Written by Dan Travers, co-founder of Open Climate Fix

As we move to net zero and electricity replaces oil and natural gas as energy vectors, three times as much energy will pass through the electricity grid. Meanwhile grid complexity is increasing exponentially with weather dependent generation, batteries and EVs becoming commonplace. This presents a huge challenge, as the supply and demand of electricity must be balanced at every point on the grid, at every point in time.

Surely AI could smooth the integration of variable renewables into the grid? Well, while there is huge potential for the advanced ML models to play a role in decarbonising the power grid, the way forward presents challenges in terms of accessing enough data to train and test said models.

In a sector built by physicists and engineers, and one of the earliest to digitise, data is everywhere but models are not always trainable. To riff off Coleridge’s, “The Rime of the Ancient Mariner”, there’s data, data everywhere, but not enough to train (a model).

It could be helpful to look at the digitalisation of the electricity industry as happening in two waves. The first wave took place in the second half of the 20th century as countries invested in the infrastructure for national electrical power grids. The second wave has unfolded over the last decade, with the emergence of energy businesses meeting new demand for solar panel installations, EV charge points, smart homes, etc.

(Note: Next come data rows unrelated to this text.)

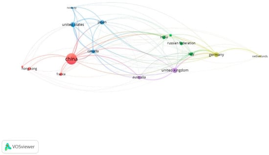 The findings of the bibliometric coupling are depicted in Figure 1. Each circle represents a nation, and its size indicates the contribution, as follows: the larger the dot, the more outstanding the contribution. China is the world’s most productive nation (consistent with Table 2). Further, China has the strongest bibliometric ties to other countries, followed by the United Kingdom and the United States.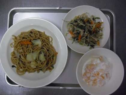 献立名 塩焼きそば 牛乳 ナムル フルーツヨーグルト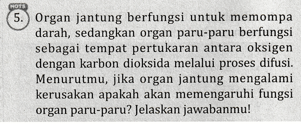 5.) Organ jantung berfungsi untuk memompa darah, sedangkan organ paru-paru berfungsi sebagai tempat pertukaran antara oksigen dengan karbon dioksida melalui proses difusi. Menurutmu, jika organ jantung mengalami kerusakan apakah akan memengaruhi fungsi organ paru-paru? Jelaskan jawabanmu!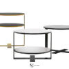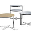 Многоцелевые столы с одной или двумя столешницами разной высоты и утонченным игривым духом в зависимости от отделки. Существует множество графически мощных комбинаций поверхностей и рам: мрамор, дерево, стекло и лак для первых, хром и лак, даже цветной, для вторых. Различные интерпретации делают их идеальным выбором для нескольких настроек, которые могут быть как строгими, так и динамическими.

These two waves have led to two general reasons why training data for AI is difficult to come by in the electricity industry. Grid data from the 20th century digitisation wave is centralised, but collected using older technologies and stored in less modern data structures using outdated programming languages, making it difficult to access and of lower quality. While the majority of the second wave data is proprietary, fragmented and not shared.

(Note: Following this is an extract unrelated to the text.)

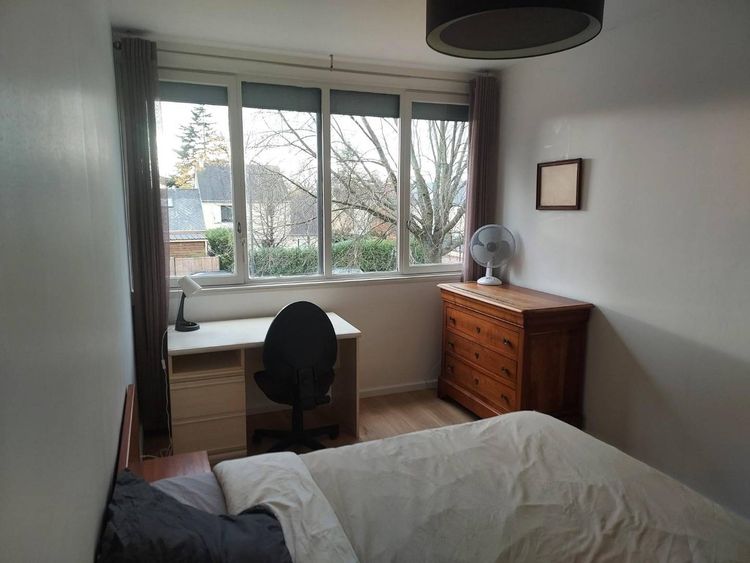 Chambre refaite à neuf, lumineuse avec un bureau et trois grands placards. Le lit est double. Le sol est du parquet. Les volets sont électriques.

But this doesn’t mean that AI isn’t playing an important role in decarbonising the power grid or that there aren’t easily available datasets that can be used to train models to that end. Renewable energy forecasting is critical for decarbonizing the grid and depends significantly on widely accessible datasets.

Open Climate Fix’s Quartz Solar, developed with the UK’s National Grid Electricity System Operator, uses AI to forecast clouds. Quartz Solar is used by NG-ESO to help them understand how much solar energy will be available for the UK electric grid on a daily basis. It is built on AI trained on publicly available data sets such as weather forecast data from major national weather services, satellite imagery from geostationary European satellites, and live PV data from partners (still the hardest data to procure).

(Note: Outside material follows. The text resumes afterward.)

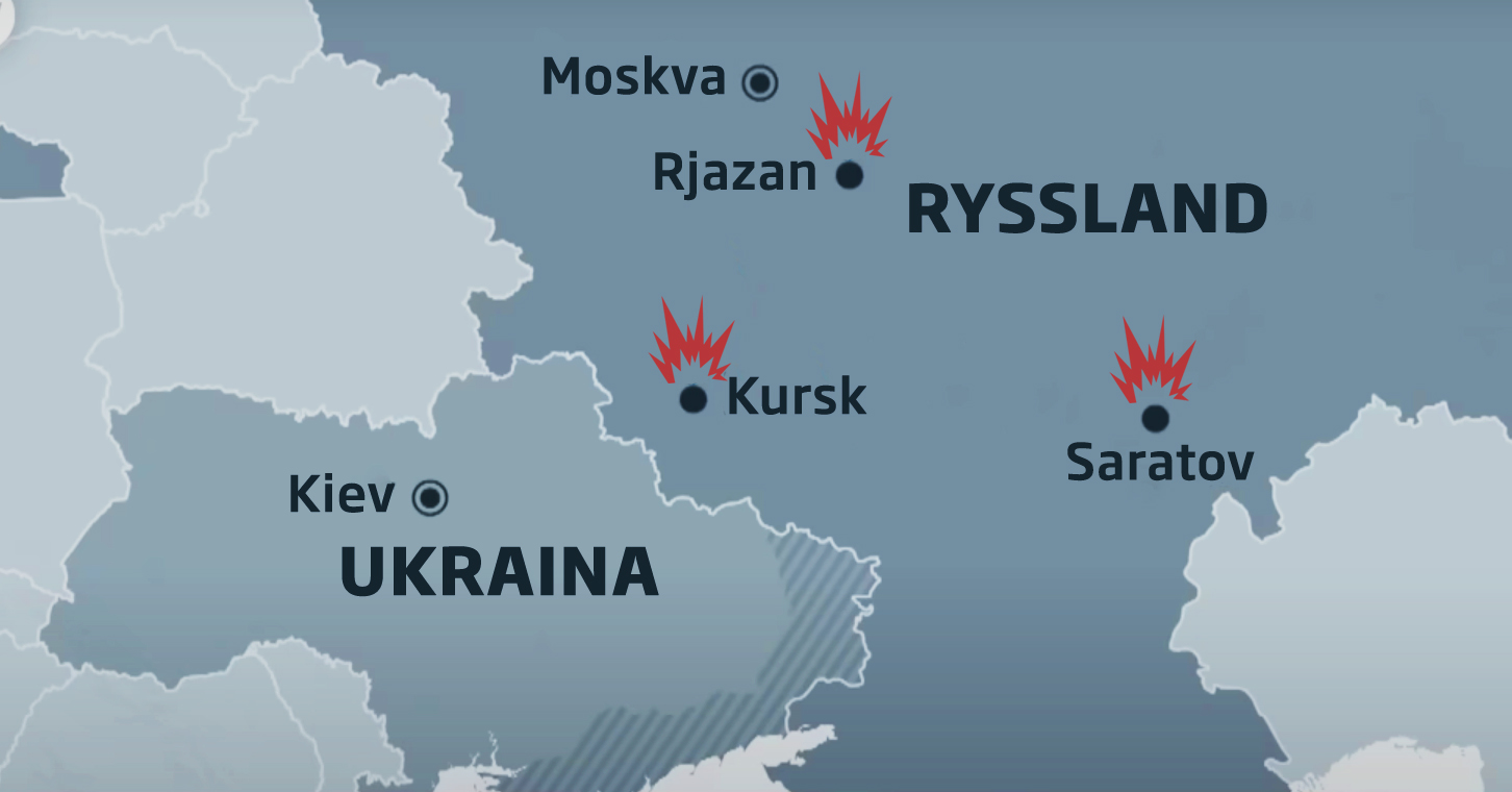 På måndagen orsakade drönare explosioner på baserna i Saratov och Rjazan, och på tisdagen attackerades flygbasen i Kursk. Kursk ligger knappt tio mil öster om den ukrainska gränsen, men Saratov ligger hela 60 mil in i Ryssland och Rjazan mindre än 20 mil från Moskva.

Having fast and accurate information is crucial to NG-ESO’s operations. Relying on weather forecasts alone is leaving information “on the table” – particularly the satellite and live PV data provide additional real-time information which AI can assimilate in seconds after it has been trained.

Why is AI for renewable forecasting so useful and transferrable? Firstly, the weather and satellite datasets we are utilising have over 10 years of relatively consistent data spanning much of the globe. Secondly, while climates do vary, these models are highly transferable compared to models relying on specific grid topologies and local energy consumption behaviours.

What are the challenges in developing the next generation AI-weather forecast?

Firstly, the data volumes are very large. At Open Climate Fix we are consuming terabytes of data every day. And it could be more – we could start to consume sky imaging cameras, for instance. Then once we have this data, the AI model would like more again. The limiting factor becomes partly just the speed at which we can read from multi-dimensional data structures. Most of the AI advances of late have been processing text, which is one-dimensional by nature. Atmospheric data is three dimensional and with multiple variables at each point. One of the areas of our research is to speed up the reading of these multi-dimensional arrays in Zarr, the python package.

Secondly, there are continually new research papers emerging from this nascent field. We have implemented Google and others’ models to search for the best technique, a time consuming process.

While perhaps no AI will be able to manage the power grid in the near future, OCF is banking on innovative ways for AI to decarbonize it.